ちょっと待って、このプレイは右手がC3枚の時を失ってない?
いやいやそんなことはありません。先にダイヤを剥がしておいてSA、SQと進みで左手に負けた時、マイナーリターンはクラブのフィネスのエントリーが足りて、ハートリターンが来たら右手はH5枚マックス。その時C3枚が同居しているシェイプは0=5=5=3のみ。上記の6card endingの一歩手前、DQキャッシュ時にシェイプが読み切れるので、STとDQの片方だけキャッシュしてハートを捨てて、CTをダミーから引いてください。
よく出来てるハンドでしょ?単に解けるだけじゃなくて完全性も担保されてる。ちなみに左にダイヤが4枚いたりCKがいたりするとメイクしない。
難しい数独を解くのは作問者との対話に似ていると言った人がいたけど、これもそんな感じがする。
こちらはday1夜の会話。
「いい本ですね、どうやって見つけたんですか?」
「2017年にイタリア旅行のお供に本探してて。Ziaが好きだからZiaでググったら出てきて買ったの。こんな調子で濃い内容がブログみたく書いてあるから読みやすくってお気に入り。」
「誰向けなんすかねその本。この話がいい話だってわかる人、全然いないと思いますよ。」
ブリッジ教師ならではのコメントだ。確かに、競技の裾野って広いからプレイヤーの1%もいないと思う。ブリッジの本ってだいたい見たことあるような話しか書いてないけど、この本は一応それなりにハンド食ってる僕でも目からウロコなんてことがよくある。前書きにZiaがこんなことを書いていた。

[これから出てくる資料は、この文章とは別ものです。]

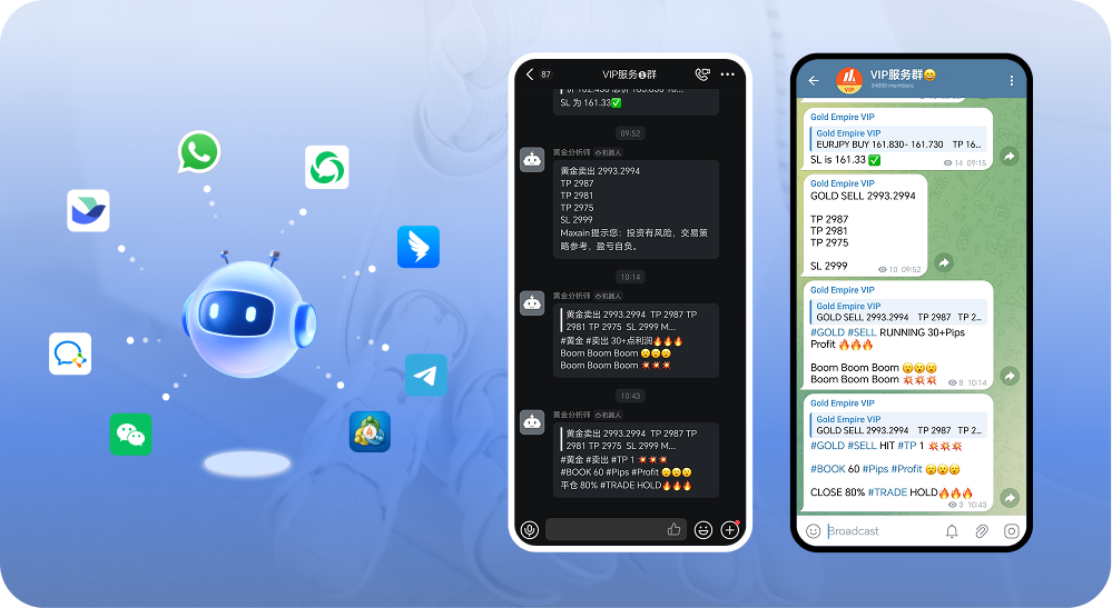 帮助代理商快速创建专属机器人和服务群,为客户提供即时策略提醒。

"エキスパート界隈ではよく知られている秘密だが、ローゼンバーグに解けなかったら問題が難しすぎるという事なのだ。この本は初級者用ではないと警告しておくのがfairだろう"
そういう大事なことは、前書きじゃなくて表紙に書いた方がいいと思いますよ。
Hプロが若者のライングループに出題している間、本に書いてあったこのハンドの小ネタを話した。まずローゼンバーグはこの問題をブリッジ3年生の時にシングルダミープロブレムとして解いたそうだ。

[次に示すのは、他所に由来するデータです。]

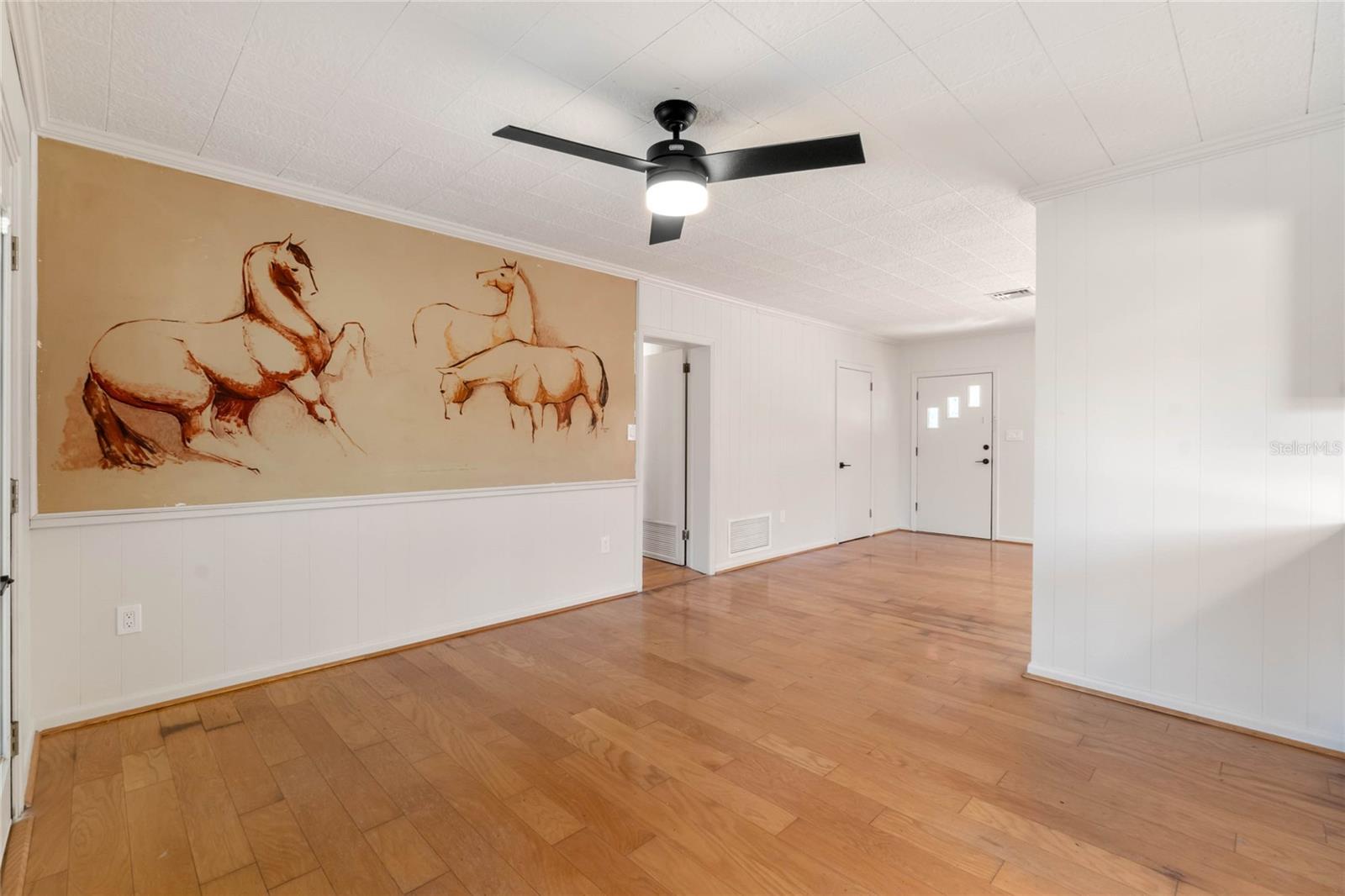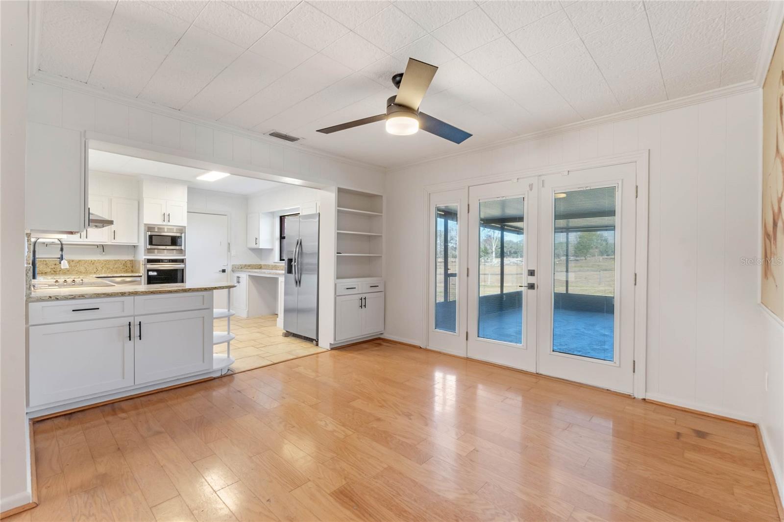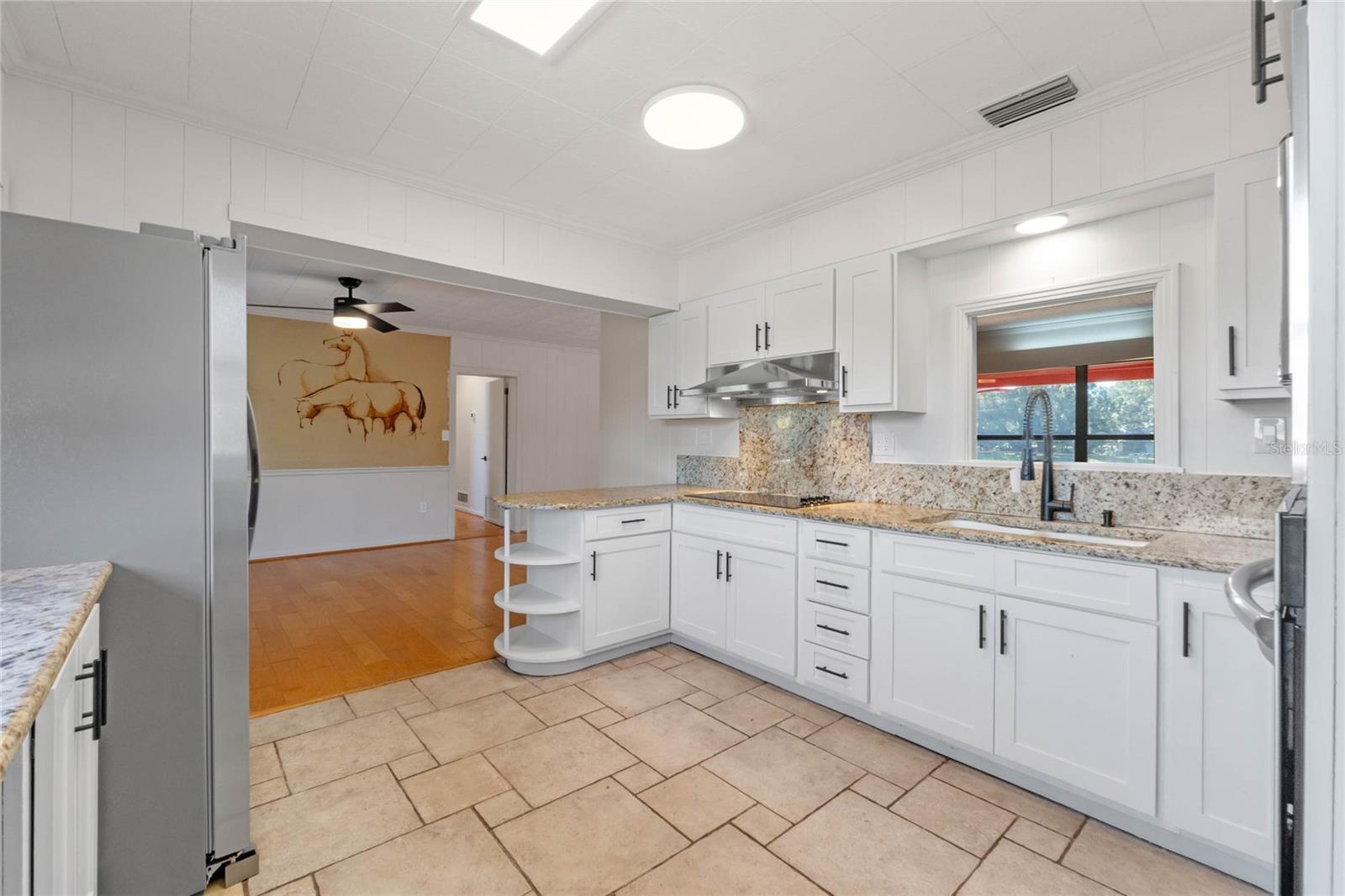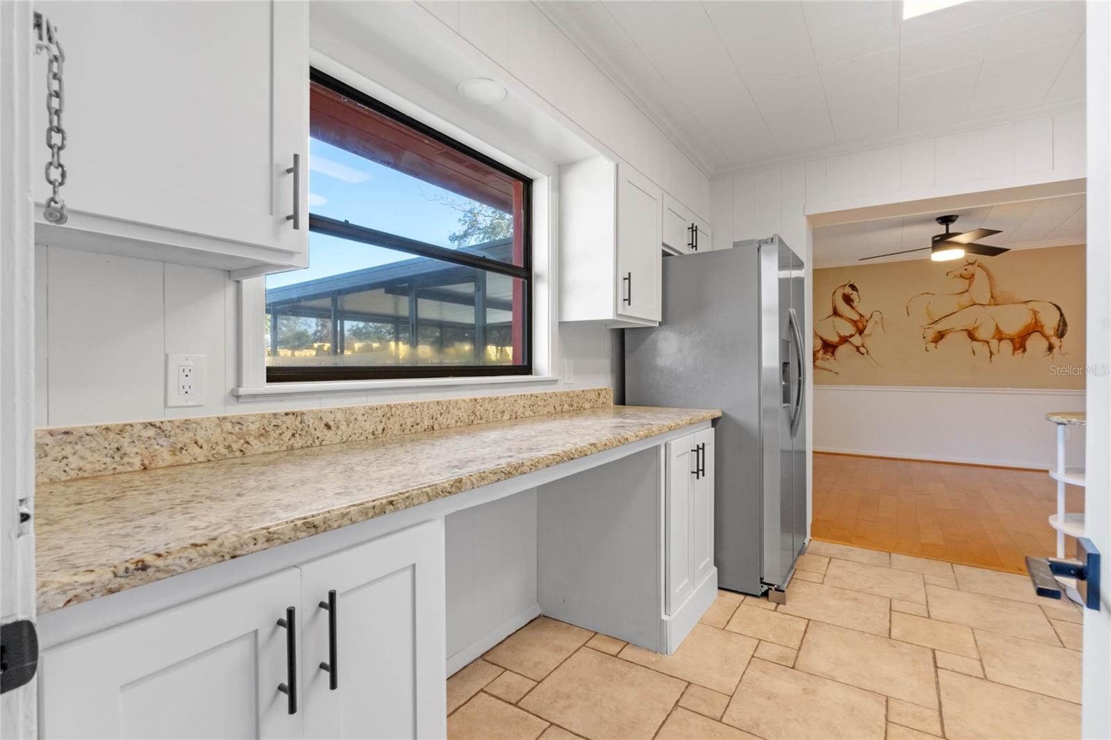 MOVE IN READY, "gentleman's ranch home" located on over an acre of land. This eye catching "barn red" home with a metal roof, features 3 bedrooms, 2 bathrooms, 2135sqft., indoor utility room, 2 fireplaces, carport, separate workshop, and a screened back porch overlooking your in-ground, sparkling pool. As you enter the home, you are greeted with beautiful wood flooring and fresh paint throughout. The living room has a coat closet and electric fireplace surrounded by red brick. The kitchen makes a statement with granite counter tops, an abundance of wooden cabinets and drawer space that have been refaced and updated with new hardware, an eat in dining space with wall art from 1962, and a new appliance package that includes a Frigidaire refrigerator, glass stove top, built in oven, dishwasher and GE microwave. At the end of the hall, you will find your master suite with private exit to the back yard, new butcher block, built in dresser top, new ceiling fan and an updated ensuite bathroom. Making your way back toward the front of the home, is an additional bedroom or office with private closet, new ceiling fan and custom built in. Last stops before you are back in the main living space, one more bedroom with large walk in closet and a new ceiling fan with remote and a full freshly painted bathroom with a bathtub and new Kohler hardware. Off of the dining is a screened in back porch leading out to your in ground fiberglass pool. Conveniently located to the Florida Turnpike, I-75, Leesburg, Clermont, The Villages and so much more. Updates include: 1 brand new water heater and 1 newer water heater, all new kitchen appliances, fresh interior paint throughout the home, new ceiling fans with remotes in all of the rooms, new outlets, new electrical panel, newer A/C unit, pool was cleaned and checked for leaks, updated landscape, some fresh exterior paint, new exterior doors, new toilets and bathroom hardware, new cabinet and drawer faces as well as some glass and drywall repairs.

その20年後くらいにダブルダミー問題として出されて、すべてのスーツのスモールカードがxで書いてあったから、「この問題を出した人にダミーのハートはA42じゃなかった?と聞いてみて」と尋ね返し、「そうでした!なんでそんなこと知ってるんですか?何か違いはあるんですか?」と言われた…とちょっといい話っぽく書いてあった。
「ブリッジ3年生でこれ解くってやべーっすね」
「しかもシングルダミーで。でもその頃にはこの人スコットランド代表になってるからね」
「まじか」
「Tプロにそれって非現実的じゃないですか?と言ったら、それはまじめにあると思うとか言ってたよ」
「ていうかKing Gnuよくないっすか?」
「わかる」
とかグダグダ話してたら高校生から回答が。マイナーで絞るルートだったかな、大人の厳しさを教えてあげましょうとか言って不正解と返したら次に正解を送ってきてびっくり。

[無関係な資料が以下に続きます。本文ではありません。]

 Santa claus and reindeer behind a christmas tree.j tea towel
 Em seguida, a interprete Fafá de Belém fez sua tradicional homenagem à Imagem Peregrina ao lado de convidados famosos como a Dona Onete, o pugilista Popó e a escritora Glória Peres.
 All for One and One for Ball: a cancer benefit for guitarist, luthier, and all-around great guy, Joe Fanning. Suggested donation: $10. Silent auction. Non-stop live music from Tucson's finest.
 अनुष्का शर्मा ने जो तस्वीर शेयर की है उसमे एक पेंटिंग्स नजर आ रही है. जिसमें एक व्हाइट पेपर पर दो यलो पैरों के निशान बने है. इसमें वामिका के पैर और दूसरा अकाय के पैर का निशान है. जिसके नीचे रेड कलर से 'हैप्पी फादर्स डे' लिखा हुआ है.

「これ解く高校生えらいっすねー。」「いやほんと偉いよ。」
day2の後。
お魚屋さんでハンドの話が一通り終わったところ、パートナーがあの6NT解けないっすと言ってきたから、これ幸いとチームメイトにも出題してみた。
「高校生これ解いてたんだよ」
Pd「ということは、義務教育レベルってことですかね?」
「うーん、初等教育に毛の生えたくらい?」
チームメイト、黙々と考えた結果覚えた事にして後で考えようと言っていた。きっと帰りの電車、お酒が抜けつつある時にでも解けたんじゃないかしらね。
この後1時過ぎくらいまでsnookerのGerman Masters見ながらブログ書いて、前回記事の一番最後の3Hのプレイ解析で力尽きて眠りに落ちた。きちんと力尽きれたので、とてもよく眠れました。